Yacía en su martirio, provocando otro golpe en nuestra oscura conciencia que miraba, como miles y miles que miraban. Esos medios miraban por nosotros que también miramos, y reside en esos actos el tema de los rangos y éticas de la mirada de la modernidad ineluctable, la busca sobre el destino, respecto de si trazó de algún modo su línea divisoria final o fue magnánimo en su latigazo de acero. Meditemos sobre esas escenas, que implican la manera inesperada en que se va revelando nuestra pobre fenomenología de la conciencia. Y cuando sabemos algo, al apagarse el tejido de la espera, ya no somos los mismos, aunque poco a poco se reintegran nuestros pensamientos habituales a los pensamientos permitidos. Está Lucas de por medio, anónimo para nuestras vidas y ahora símbolo de una desdicha indefinible, encerrado en algún oscuro gabinete de nuestra memoria, como biografía inconclusa que nos interpela a nosotros mismos. No sin una lejanía agobiante que remediamos un poco aleatoriamente, apelando a su nombre –y yo lo pongo de nombre de un escrito–, y sin saber si a esto lo llamamos plegaria spinettiana, reflexión política, padecimiento solidario o intento de un hombre grande de volver su pensamiento a las raíces sufrientes de la existencia colectiva.

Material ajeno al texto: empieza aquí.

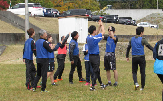最後は6チームに分かれ試合を行いました。総当たりの予選を行い、最後は順位決定戦と合計4試合をエスパルスウォーキングサッカー独自のローカルルール(『エスパルスルール笑顔で楽しまないと反則』)をつくり試合を楽しんでいただきました。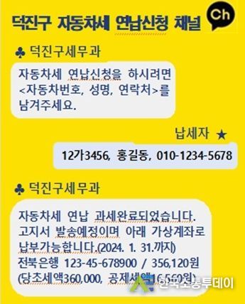 한국소통투데이 관리자 기자 | 전주시 덕진구는 자동차세 연납신청이 집중되는 1월부터 연납신청 접수를 위한 카카오톡 채널을 운영한다고 밝혔다.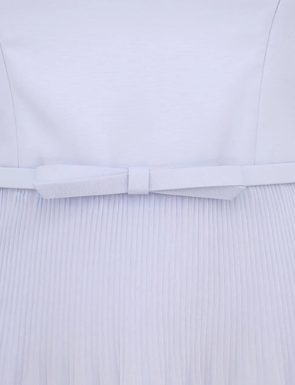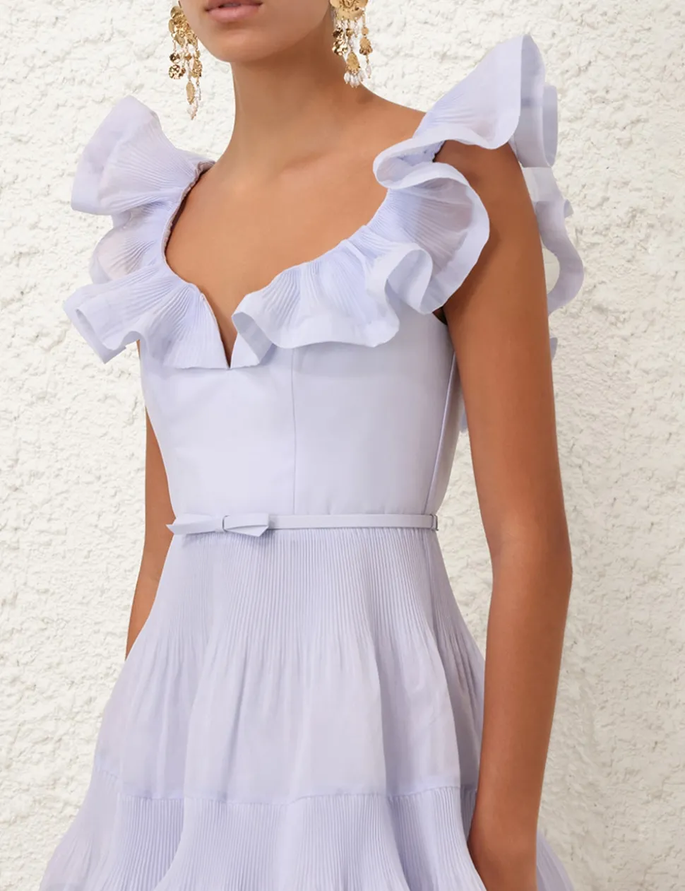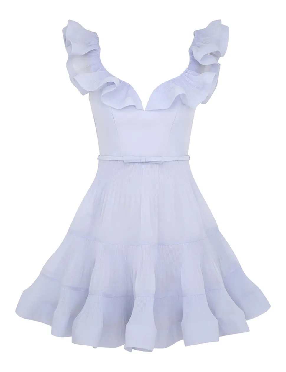 The Pleated Frill Mini Dress in Light Blue from our Resort 2025 Collection, Crush. A short sleeve mini dress featuring a sweetheart neckline with a plunging V-wire, frills on the shoulders and a removable bow belt; finished with pleated skirt tiers.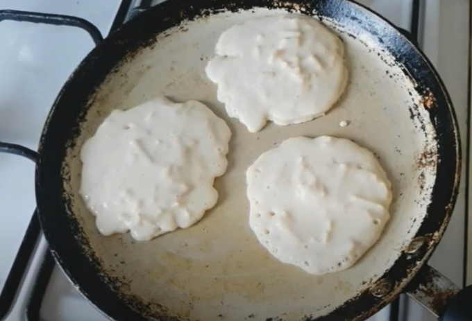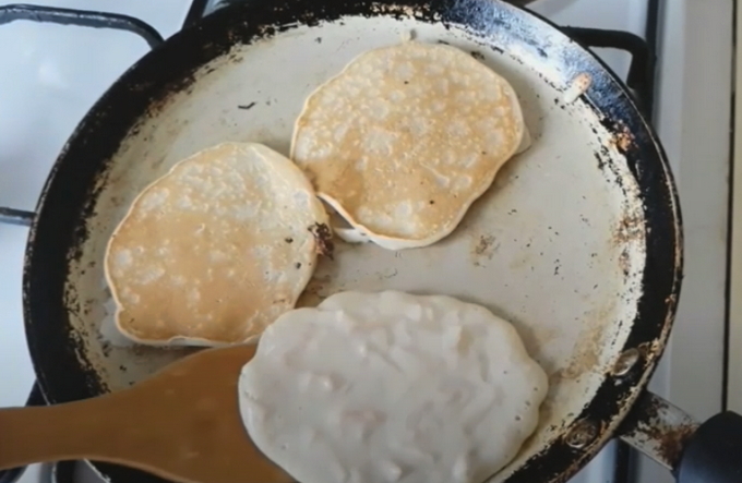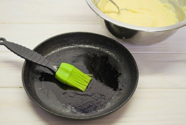 - Bereid de braadpan voor door hem te bedekken met plantaardige olie en te verwarmen. Nu verzamelen we een halve pollepel deeg en gieten het in de pan, laat het iets uitspreiden. We bakken aan elke kant, wachten tot de pannenkoek opkomt en bruin wordt.

Es necesario ahora pensar este tema acuciante de la realidad argentina, además de los que nos han visitado en las últimas semanas: es preciso, como esfuerzos nuevos, esfuerzos entre muchos, habilitar socialmente los medios para la reforma del sistema ferroviario argentino y del completo andamiaje del transporte masivo. Hay allí fórmulas anidadas de viejas y nuevas injusticias, procedimientos anómalos, rutinas administrativas incorrectas. Y la tragedia se desglosa en las suma de responsabilidades de la “banalidad del mal burocrático” y en el resto que queda en nuestro espíritu de compasión y oscuras hipótesis retrospectivas, que nuestras vidas necesitan generar como sustancia rehabilitadora.

Lucas como el nombre de uno, el nombre del muchacho que pudo haber salido caminando, aturdido, ser compañero por un día de nuestras calles como un anónimo a ser rescatado, y sin embargo se lo llevó en ruido súbito, el descuido fatal de los sistemas fabricados y regidos por los hombres. Un nuevo giro en nuestras vidas públicas es necesario, porque no sabemos hasta qué punto a nuestro compromiso –que tiene muchas facetas y fallas– le llega el momento único e indescriptible en que solo debe resumirse en intensificar la capacidad pública, colectiva, institucional de amparar vidas. Es lo que finalmente enseña nuestro lenguaje, que lo sabe aun cuando vacila.

* Sociólogo. Director de la Biblioteca Nacional.